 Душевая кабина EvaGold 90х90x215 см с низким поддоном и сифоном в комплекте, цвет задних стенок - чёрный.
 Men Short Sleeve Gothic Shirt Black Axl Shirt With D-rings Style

* * *

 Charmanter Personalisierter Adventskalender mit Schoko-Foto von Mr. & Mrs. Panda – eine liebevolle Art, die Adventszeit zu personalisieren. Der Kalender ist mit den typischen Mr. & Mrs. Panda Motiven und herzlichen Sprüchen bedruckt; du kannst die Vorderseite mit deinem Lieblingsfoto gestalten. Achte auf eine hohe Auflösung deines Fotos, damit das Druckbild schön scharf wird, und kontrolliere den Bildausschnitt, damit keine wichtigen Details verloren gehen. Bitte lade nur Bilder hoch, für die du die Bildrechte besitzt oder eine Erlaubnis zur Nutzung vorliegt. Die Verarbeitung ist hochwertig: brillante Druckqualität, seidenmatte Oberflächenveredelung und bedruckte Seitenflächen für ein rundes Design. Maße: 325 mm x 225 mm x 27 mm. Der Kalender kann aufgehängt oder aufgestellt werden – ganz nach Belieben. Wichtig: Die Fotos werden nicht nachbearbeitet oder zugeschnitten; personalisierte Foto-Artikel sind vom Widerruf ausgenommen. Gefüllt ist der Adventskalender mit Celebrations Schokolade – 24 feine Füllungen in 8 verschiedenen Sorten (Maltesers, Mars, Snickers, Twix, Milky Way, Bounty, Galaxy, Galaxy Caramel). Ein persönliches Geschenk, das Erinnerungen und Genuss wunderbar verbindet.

→ **To do**:
Of the entries listed above, reproduce only the lines starting at the line containing "Душевая кабина EvaGold" and ending at the line containing "Men Short Sleeve". Include both, exactly as they stand.

→ **Exercise response**:
 Душевая кабина EvaGold 90х90x215 см с низким поддоном и сифоном в комплекте, цвет задних стенок - чёрный.
 Men Short Sleeve Gothic Shirt Black Axl Shirt With D-rings Style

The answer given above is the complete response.